Like, Wikipedia doesn’t mention anything about the Atari 2600 having a built-in chess engine.
If they were willing to run a chess game on the Atari 2600, why did they not apply the same to ChatGPT? There are custom GPTs which claim to use a stockfish API or play at a similar level.
Like this, it’s just unfair. Both platforms are not designed to deal with the task by themselves, but one of them is given the necessary tooling, the other one isn’t. No matter what you think of ChatGPT, that’s not a fair comparison.
Edit: Given the existing replies and downvotes, I think this comment is being misunderstood. I would like to try clarifying again what I meant here.
First of all, I’d like to ask if this article is satire. That’s the only way I can understand the replies I’ve gotten that critized me on grounds of the marketing aspect of LLMs (when the article never brings up that topic itself, nor did I). Like, if this article is just some tongue in cheek type thing about holding LLMs to the standards they’re advertised at, I can understand both the article and the replies I’ve gotten. But the article never suggests so itself. So my assumption when writing my comment was that this is not the case and it is serious.
The Atari is hardware. It can’t play chess on its own. To be able to, you need a game for it which is inserted. Then the Atari can interface with the cartridge and play the game.
ChatGPT is an LLM. Guess what, it also can’t play chess on its own. It also needs to interface with a third party tool that enables it to play chess.
Neither the Atari nor ChatGPT can directly, on their own, play chess. This was my core point.
I merely pointed out that it’s unfair that one party in this comparison is given the tool it needs (the cartridge), but the other party isn’t. Unless this is satire, I don’t see how marketing plays a role here at all.

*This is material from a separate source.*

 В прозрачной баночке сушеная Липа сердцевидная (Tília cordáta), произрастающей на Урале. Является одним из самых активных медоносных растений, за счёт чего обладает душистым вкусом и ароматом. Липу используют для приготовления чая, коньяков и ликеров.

GPTs which claim to use a stockfish API
Then the actual chess isn’t LLM. If you are going stockfish, then the LLM doesn’t add anything, stockfish is doing everything.
The whole point is the marketing rage is that LLMs can do all kinds of stuff, doubling down on this with the branding of some approaches as “reasoning” models, which are roughly “similar to ‘pre-reasoning’, but forcing use of more tokens on disposable intermediate generation steps”. With this facet of LLM marketing, the promise would be that the LLM can “reason” itself through a chess game without particular enablement. In practice, people trying to feed in gobs of chess data to an LLM end up with an LLM that doesn’t even comply to the rules of the game, let alone provide reasonable competitive responses to an oppone.

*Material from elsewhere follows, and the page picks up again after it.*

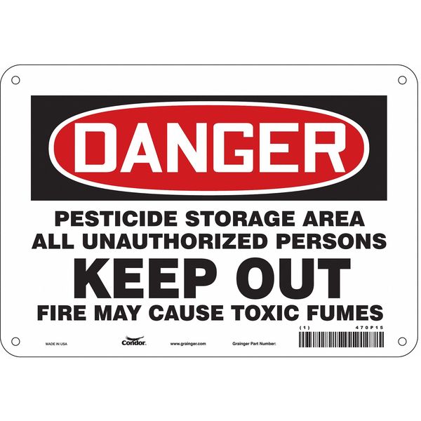 Safety Sign, 7 in Height, 10 in Width, Aluminum, Vertical Rectangle, English, 470P15SKU G5279902Categories SafetyDescription Safety Sign, Vertical Rectangle, Number of Printed Sides 1, English, Sign Format Traditional OSHA, Sign Legend Pesticide Storage Area All Unauthorized Persons Keep Out Fire May Cause Toxic Fumes, Sign Legend Background Color White, Sign Legend Style TextgraingerSKU: 470P15, mscSKU: , zoro_no: G5279902, mongo_id: 65bbe9fd22d7a989a998bdf4

Then the actual chess isn’t LLM.
And neither did the Atari 2600 win against ChatGPT. Whatever game they ran on it did.
That’s my point here. The fact that neither Atari 2600 nor ChatGPT are capable of playing chess on their own. They can only do so if you provide them with the necessary tools. Which applies to both of them. Yet only one of them was given those tools here.
Fine, a chess engine that is capable of running with affordable even for the time 1970s electronics will best what marketing folks would have you think is an arbitrarily capable “reasoning” model running on top of the line 2025 hardware.
You can split hairs about “well actually, the 2600 is hardware and a chess engine is the software” but everyone gets the point.
As to assertions that no one should expect an LLM to be a chess engine, well tell that to the industry that is asserting the LLMs are now “reasoning” and provides a basis to replace most of the labor pool. We need stories like this to calibrate expectations in a way common people can understand…
The Atari 2600 is just hardware. The software came on plug-in cartridges. Video Chess was released for it in 1979.